Interpretive Summary:

Technical Abstract: Sugar derived from beet (Beta vulgaris) provides over 20% of production globally, and over half in the United States. While gains have been achieved in yield potential and improving agronomic traits with the adoption of genomics-assisted breeding, losses due to multiple pests and pathogens highlight the need for continuing efforts to improve host plant resistance. Sea beet (including Beta vulgaris spp. maritima), a crop wild relative of domesticated beets has served as an essential source of novel disease resistance traits not present in the primary gene pool.
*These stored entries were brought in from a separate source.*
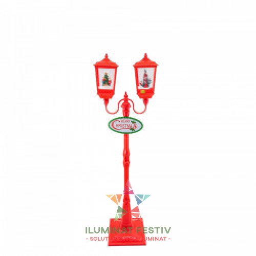 Descriere Felinar muzical stadal, decoratiune Craciun, dimensiune 25.5x17x124cm, culoare rosu, MIF-1218 ..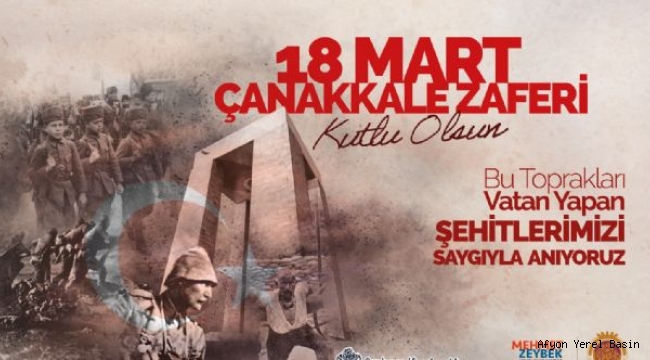 Belediye Başkanımız Mehmet Zeybek; Çanakkale Deniz Zaferi'nin 106.’ncı yıldönümü ve 18 Mart Şehitler Günü dolayısıyla bir mesaj yayınladı.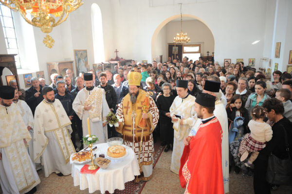 После свете Литургије уприличена је трпеза љубави, за време које се бираним речима епископу Јустину и верном народу обратили бивши и садашњи пароси протојереј Србољуб Стојковић и јереј Предраг Радојевић.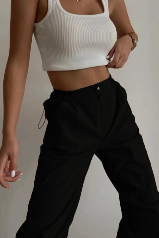 İkmal Siyah Ayarlanabilir Bel Ve Paça Paraşüt Kumaş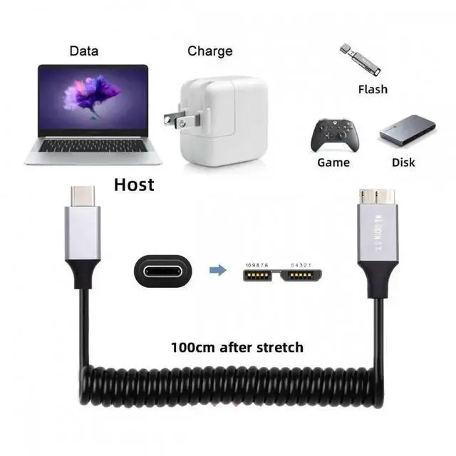 USB-C Type-C Host to Micro-USB 3.0 Male OTG Stretch Coiled Cable 100cm Extension 5Gbps for Disk Phone Camera Data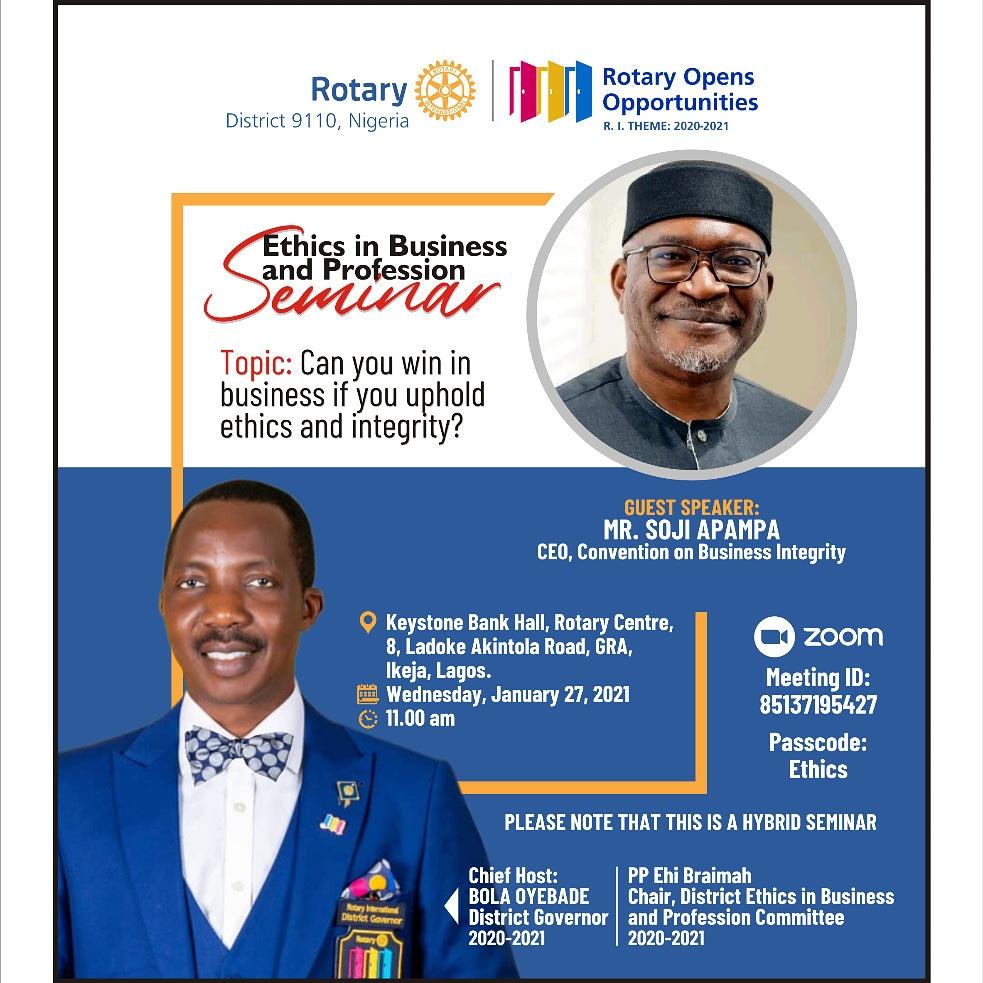 The Rotary International District 9110 that covers clubs in Lagos and Ogun State is set to host its annual Ethics in Business and Profession Seminar.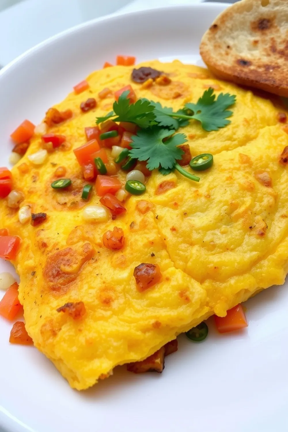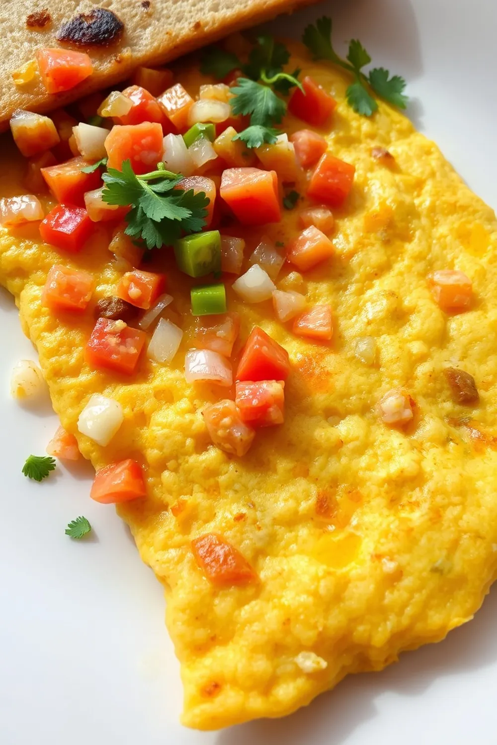 This omelette isn’t just a breakfast food – it’s a versatile, flavour-packed meal that comes together in minutes. It’s perfect for busy mornings, a light lunch, or even a quick dinner. Plus, it’s a fantastic way to sneak in some veggies! The combination of fresh vegetables, a hint of spice, and the warmth of turmeric is seriously comforting. It’s simple enough for beginner cooks, but flavorful enough to impress.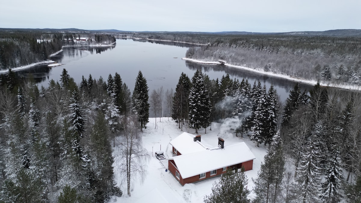 Vila bergaya dengan peralatan rumah. Berjarak 40 minit dari Ylläs. Tapak ini terletak di tebing salah satu sungai salmon terbaik di Eropah. Di seberang sungai terdapat Sweden. Pada petang musim sejuk yang cerah, anda boleh melihat cahaya utara sambil duduk di sofa. Atau apa yang kedengaran seperti duduk di dalam tab mandi air panas dalam senyap sepenuhnya. (tab mandi air panas tidak boleh dilakukan di bawah sifar celcius)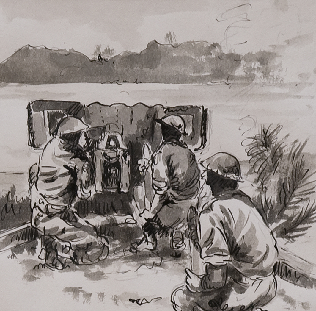 Amongst the collection of pen and ink and watercolour works by Moorhead, housed at the Army Museum in Waiouru, there are ink-wash and water-colour paintings which appear to have had their origins in photographs from the war in the Pacific, including soldiers on patrol, a Ford 4×4 truck (a vehicle surely designed for maximum ugliness as much as for practical utility), and an anti-tank shoot reminiscent of the photograph of Harry Stone’s unit during a practice shoot on Stirling Island at the beginning of 1944 (Figures 33 – 35).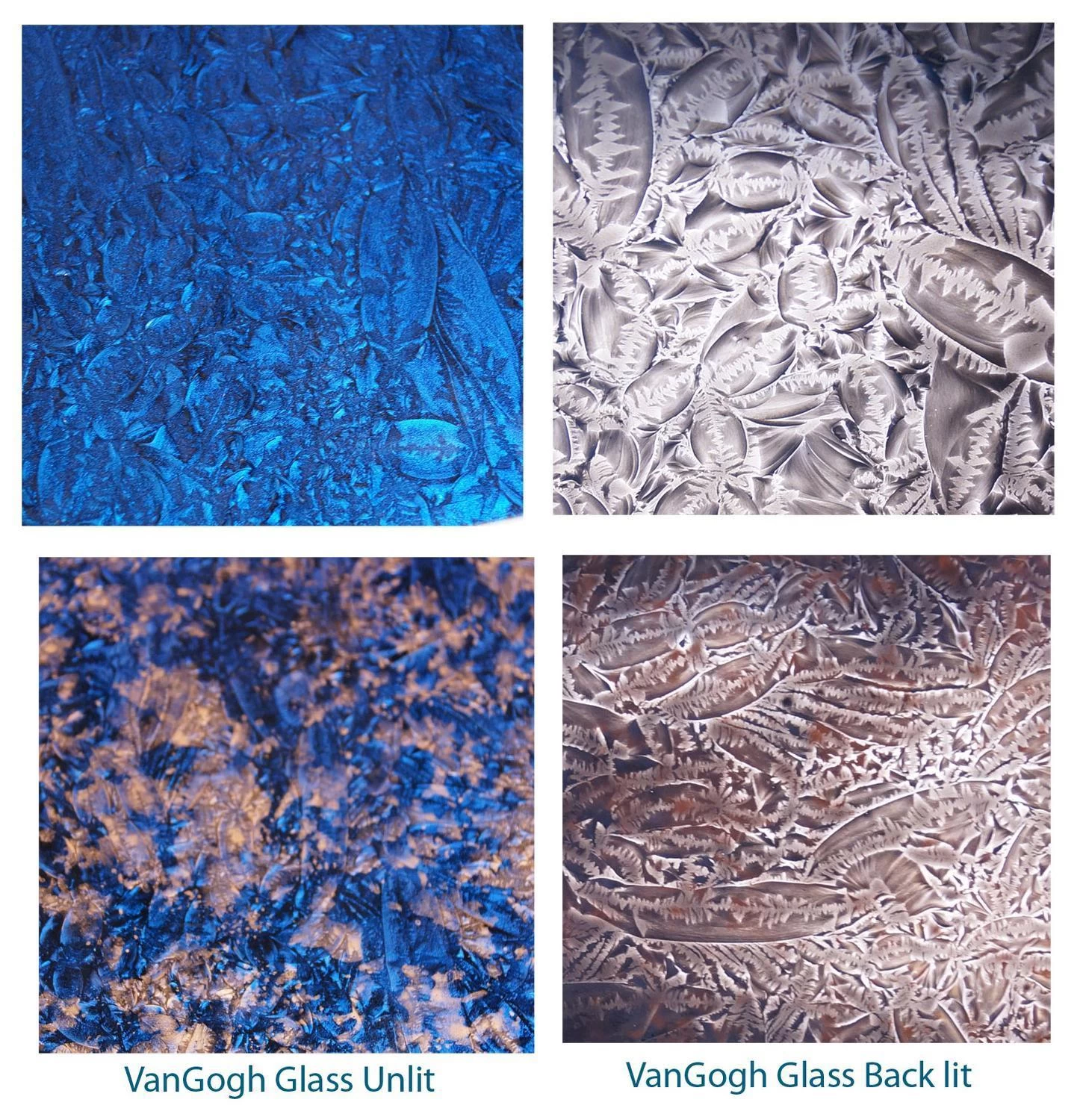 Technical Information: Van Gogh glass is for use in stained glass and mosaics. Not recommended for backlit projects such as lamps and windows. Glass is not for use in kilns because it is both painted and silvered. Do not submerge or use harsh cleaners as it will damage the colored coating. Be mindful while grinding as a coarse bit may chip the backing. For best results use a fine grit grinder bit and gentle pressure. Mirror sealant can be applied to help protect the coating.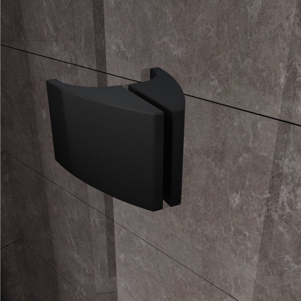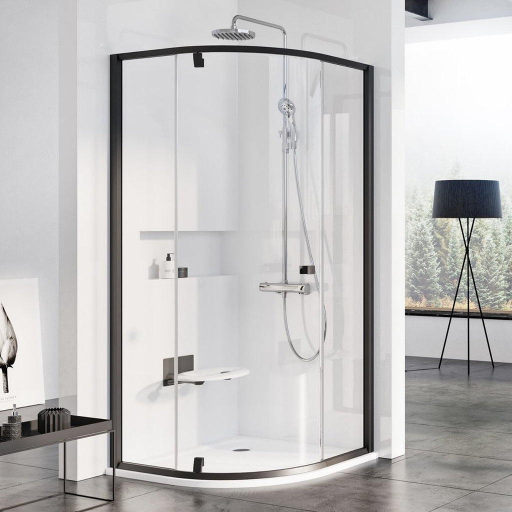 Polkrožna tuš kabina z vratnim krilom na tečajih, prozornim steklom in profili v črni mat barvi. Kaljeno varnostno prozorno steklo 6 mm s RAVAK AntiCalc® obdelavo proti nabiranju vodnega kamna.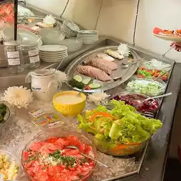 1. Cuisine: The restaurant offers a variety of cold dishes, including various cold cuts and salads. Hot dishes include German pork knuckle, meatballs, fried fish fillet, German sausage, roast chicken, chicken cordon bleu, chicken in white sauce, and more. There are also a variety of side dishes and two hot soups. In addition, there are a variety of breads, desserts, cakes, fruits, and ice cream to choose from.
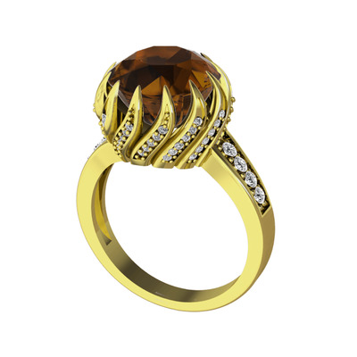 Dumanlı kuvars ve swarovski 8 ayar altın yüzük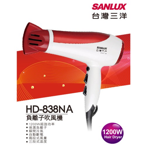 SANLUX 台灣三洋 負離子吹風機 HD-838NA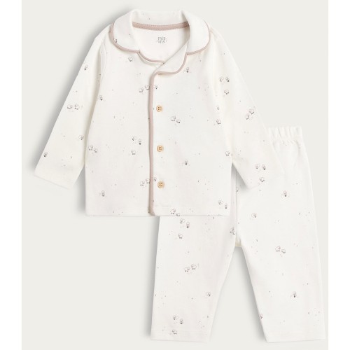 Pure Cotton Sheep Print Pyjama Set in White

Rhizoctonia Root and Crown Rot (RRCR), caused by the ubiquitous soil-borne fungal pathogen Rhizoctonia solani in sugar beet, regularly causes upwards of $50 million in actualized losses in the US annually. We have successfully mapped the genomic location of a novel quantitative trait loci (QTL) for RRCR resistance derived from a USDA-ARS Fort Collins pre-breeding germplasm called FC709-2 using bi-parental mapping in two beet populations. We endeavor to continue searching for additional forms of RRCR resistance, extending this search into sea beet mini-core collection. To enable the use of a modified bulk segregant analysis and sequencing approach to map resistance loci from this collection, we have developed the first fully-phased chromosome scale assembly of a RRCR resistant sea beet plant. Preliminary evidence suggests the identified sea beet RRCR resistance is from this panel is genetically distinct from the FC709-2 sugar beet derived resistance. Work is ongoing to annotate the sea beet genome using PacBio IsoSeq reads, develop and deploy molecular marker linked to this new resistance, and identify causal candidate gene(s) from the sea beet genome. This new RRCR resistance trait should enable the stacking of robust resistance to a globally important disease facing beet production, plus providing the genomic and germplasm resources necessary to better study the molecular interaction between Rhizoctonia and beet.